:: Problem details ::
Exactly reproduce the lines from the one containing "Odwiedzone miejsca: Capriccioli" through the last line of the data, both ends included, leaving out pictures.

:: Data for review ::
-----
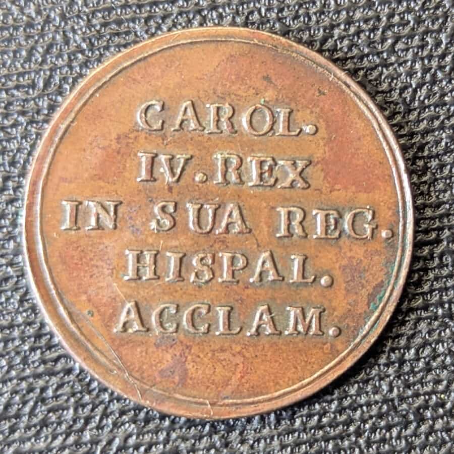 Anverso: Muestra la leyenda latina «CAROL. IV. REX IN SUA REG. HISPAL. ACCLAM.» (Carlos IV, Rey aclamado en su Real Sevilla), centrada en el campo, sin retrato, al estilo de las antiguas fichas universitarias.
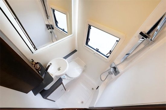 车尾的厨卫区域和前方的大会客区有门隔断,车尾的厨房区域台面较为宽敞,带盖洗菜池、电磁炉、蒸烤一体机、下吸式大功率抽油烟机等应有尽有,还可选装西门子洗碗机。封闭式卫生间配备花洒套装、进口塞特福德C400坐便器(带19.3升黑水箱)、进口MAX带雨感双向换气扇、智能浴镜。好了本款铂驰铂金系列侧拓展依维柯房车小峰哥就同大家介绍到这里。阅览世间美好,带您跨越山河,品味人间烟火,给您一个移动的家 -我是小峰哥
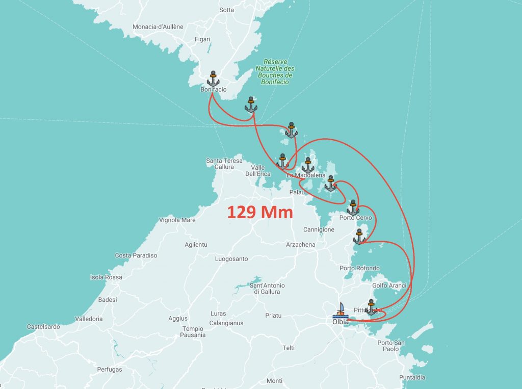 Odwiedzone miejsca: Capriccioli (kotwica), Porto Cervo (kotwica), Captera (kotwica), La Maddalena (Cala Gavetta), Lavezzi (kotwica), Port Bonifacio, Santa Maria (kotwica), Spargi (kotwica), Secca dei Porri (kotwica)
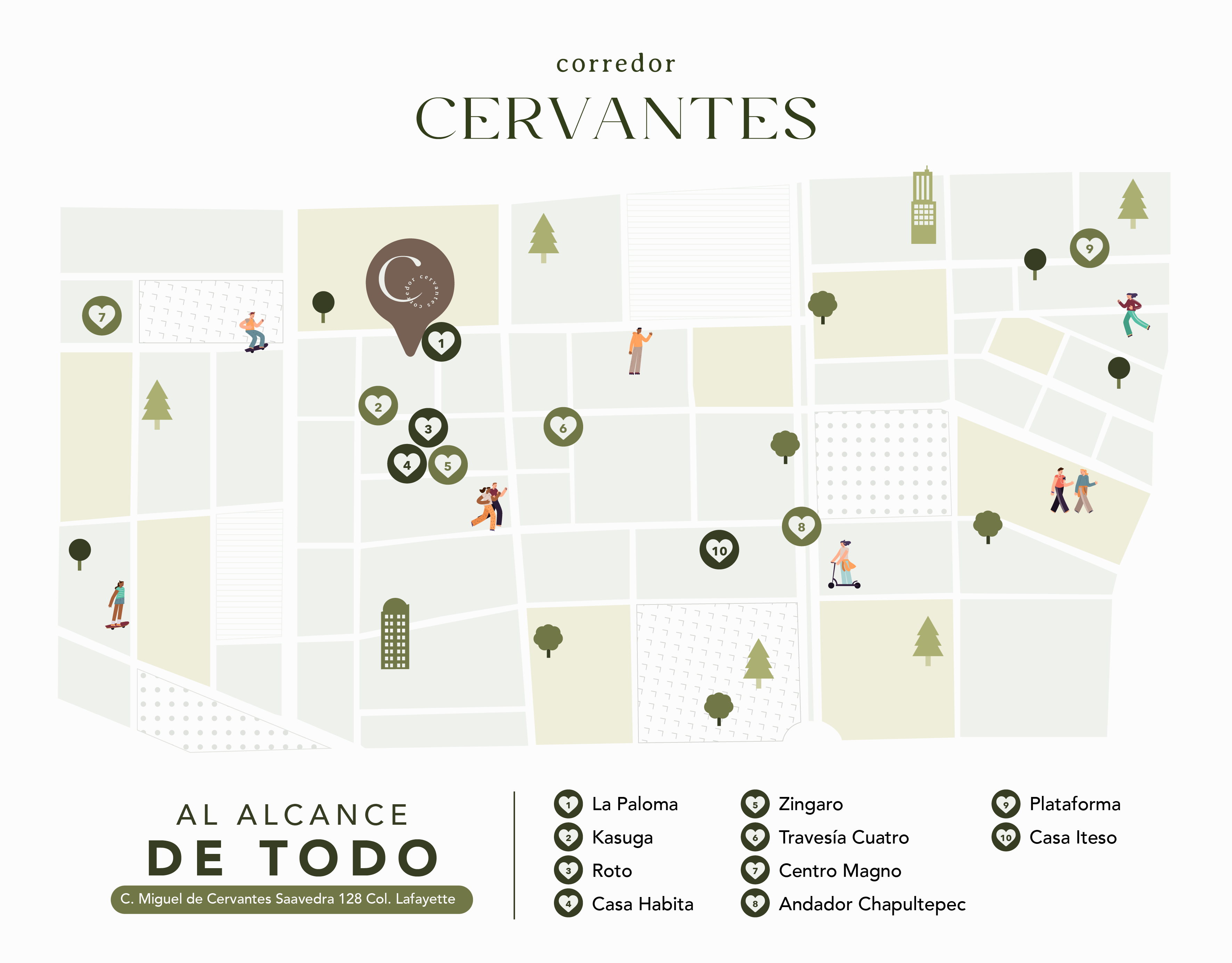 ¡Explora los al rededores de Corredor Cervantes sin necesidad de usar el auto!
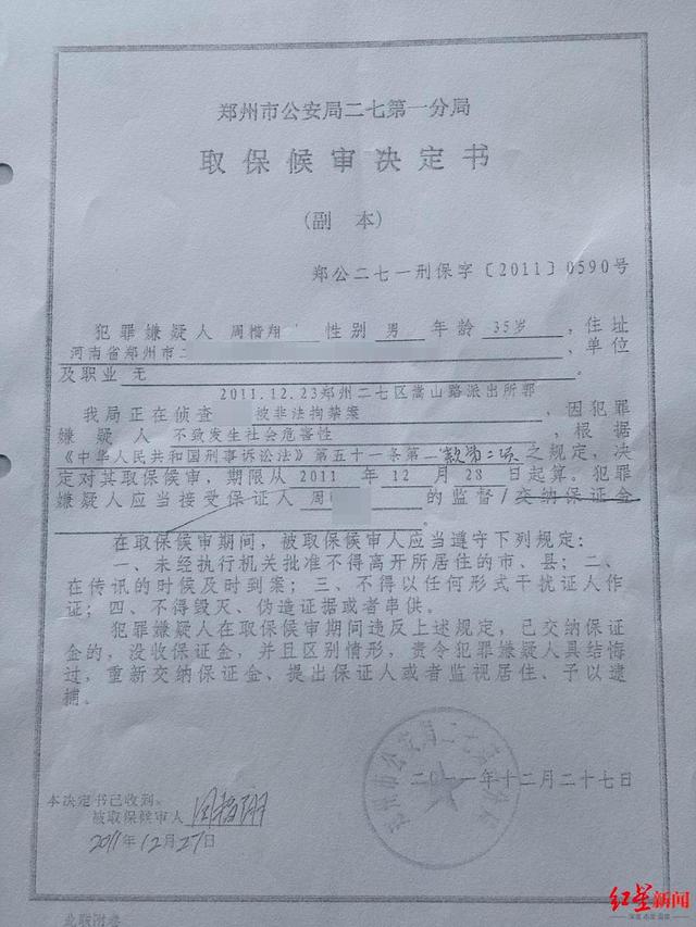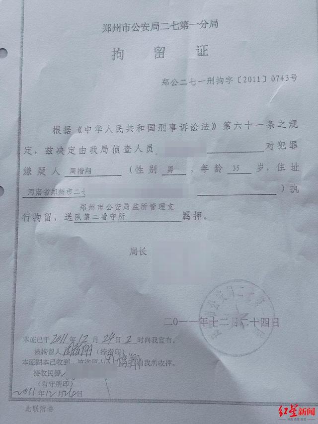 红星新闻记者获得的2011年郑州市公安局二七第一分局拘留证显示,周楷翔于2011年12月24日被送至郑州市公安局第二看守所羁押。另一份当年12月27日的取保候审决定书显示,因为周楷翔不致发生社会危害性,决定对其取保候审。
-----
:: Response for this exercise ::
 Odwiedzone miejsca: Capriccioli (kotwica), Porto Cervo (kotwica), Captera (kotwica), La Maddalena (Cala Gavetta), Lavezzi (kotwica), Port Bonifacio, Santa Maria (kotwica), Spargi (kotwica), Secca dei Porri (kotwica)
 ¡Explora los al rededores de Corredor Cervantes sin necesidad de usar el auto!
 红星新闻记者获得的2011年郑州市公安局二七第一分局拘留证显示,周楷翔于2011年12月24日被送至郑州市公安局第二看守所羁押。另一份当年12月27日的取保候审决定书显示,因为周楷翔不致发生社会危害性,决定对其取保候审。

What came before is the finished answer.